To design a pricing strategy, data brokers must inevitably access the data from data owners ex ante, which is unfair to data owners, as data brokers may obtain information from accessing the data without compensating the data owners. It is important to verify whether the data brokers have truthfully collected and processed data. One direct solution is to encrypt sensitive information when setting up a data marketplace, such as truthfulness and privacy preservation in data markets (TPDM) [49]. Another solution is to make the brokers price the data without obtaining the data through privacy computing technology. However, this solution introduces a fair transaction problem: The data owner can provide high-quality data during pricing but provide low-quality data during data transaction. To address this problem, Zhou et al. [50] proposed a new notion named zero-knowledge contingent model payment (ZKCMP), which allows the fair exchange of a trained machine learning model and a cryptocurrency payment.

《4. Privacy computing》

4. Privacy computing

Privacy computing is a combination of a series of cryptographic computing techniques, as shown in Fig. 4. It involves advanced mathematics, computer science, cryptography, network communication technology, and other disciplines (i.e., secure multi-party computation, DP, homomorphic encryption, zero-knowledge proof, TEE). It is the bridge between data factors and data value, and the basis of maturity for the digital economy and the data-factor market. By leveraging privacy computing technologies, data becomes available yet invisible.

《Fig. 4》

Fig. 4. Privacy computing. SGX: software guard extensions; ARM: Advanced Reduced lnstruction Set Computer Machine; AMD: Advanced Micro Devices; SEM: secure encrypted memory; SEV: secure encrypted virtualization.

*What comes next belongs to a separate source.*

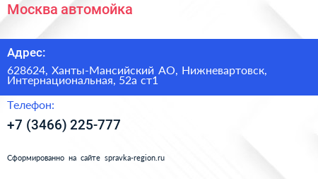 Москва, автомойка по адресу 628624, Ханты-Мансийский АО, Нижневартовск, Интернациональная, 52а ст1 в дальнейшем Организация, размещена в следующих категориях:

Data privacy breaches are happening all over the world. For example, in 2018, Cambridge Analytica [51] allegedly stole information from Facebook users to manipulate the US election and the UK referendum on the EU. The various privacy breaches show that research on data privacy protection is extremely necessary to fully exploit the value of data. That said, laws and regulations related to data privacy have become increasingly mature and complete in recent years, both domestically and globally. For example, both the EU’s GDPR and China’s Data Security Management Measures set out responsibilities and norms regarding the protection of personal information privacy. Overall, privacy computing is the key to achieving data privacy and security.

In terms of practical deployment, each privacy computing technique has its own features, advantages, and disadvantages. According to the deployment scenarios, security requirements, and efficiency requirements, it is necessary to choose the most suitable privacy computing techniques for each application. In privacy computing, the key questions are as follows:

(1) Who owns the data?

(2) Who consumes the data and data derivatives?

Clearly, when the data is owned by a single party that uses the data itself, privacy computing is not needed. Therefore, in this section, we are interested in scenarios in which the data owner(s) and data consumer(s) are mutually untrusted entities.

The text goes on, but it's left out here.